So everything you say makes total sense, right? That's the majority of the market. But has there been a shift internally in the way you think about this market? What I mean by that is, I think initially, it was still a question of just really full label or not getting approved. Has there been an evolution of view that, hey, switch would be great? And if so, I guess, what's been behind that view?

We've always thought about different -- everything is a negotiation with the label, et cetera. So there's -- we've always thought about different orientations or permutations, I should say, of those different variables within the label. I think as you think about the market dynamics today in particular, with another product who are also trying to switch patients, right, it's still Sanofi. I think from our perspective, it puts more -- it just sharpens the focus on having a strong switch argument. Now I would also say that if we don't in the end, and we very much are trying to do, but if we don't, in the end, get naive patients in the indication statement, I think if you look to Galafold, we've been able to broaden that indication over time with new mutations coming on, but also going into younger patients, pediatric patients, we have a pediatric development plan. We will almost certainly be conducting a registry. So it's not that we can't come back and try to broaden that label later. But I do think the -- as the market has evolved, I think, again, just focusing on where is the most unmet need and where are we the most differentiated sort of sharpens the focus on that data set. I do think the situation in Europe perhaps is a little bit different with the status of and the appeal process that the competitor has gone through, which publicly was shown that the appeal was overturned or not granted. And so that, if nothing else, the time between launch in Europe and our launch in Europe has been significantly narrowed, which we think is a good thing. But it remains to be seen what happens in Europe with the next-generation product, but we're eager to go through that review process with EMA and on track for, we think, an approval by the end of this year.

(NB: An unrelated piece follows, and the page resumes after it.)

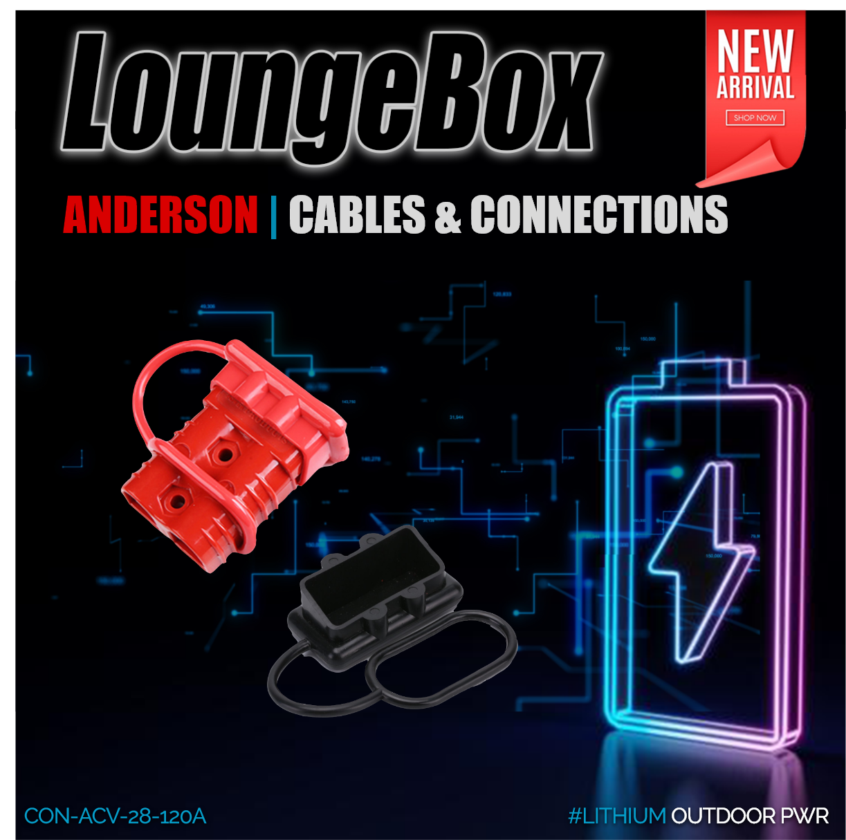 Anderson 50A Red Con | 75A black cable 1250mm |...

Okay. Is there a chance that you hear label could look different from the U.S. label?

There's always a chance and -- but I think the emphasis would still be the same for us and kind of the minimum threshold or the most important thing we need is still that data set. But sure, you can always -- we're not as far along in the review process with EMA, and so you could end up slightly different there, for sure.

Okay. So if you were to hypothetically get a label that's restricted to switch patients, how does that, if at all, change your plans for what you need on your commercial footprint?

So it does not really meaningfully change. So the good news is that with the commercial organization we've built with -- for our Galafold franchise, we are present in over 25 countries around the world on a direct basis and were approved in 40. And so we have a significant infrastructure that's highly leverageable. What we've said is we don't think we need to hire more than a dozen FTEs globally to support the launch, at least in the first few years, primarily in direct medical direct marketing and then in the United States, some patient services hub support but this is a highly leverageable commercial organization. And so I don't think the label itself makes a meaningful impact on that.

Okay. Now you were able to successfully pivot from pipeline to commercial when you did the Galafold launch. What are the things that you think you learned from Galafold that you'll be able to really quickly apply to the Pompe launch assuming that made you get approved?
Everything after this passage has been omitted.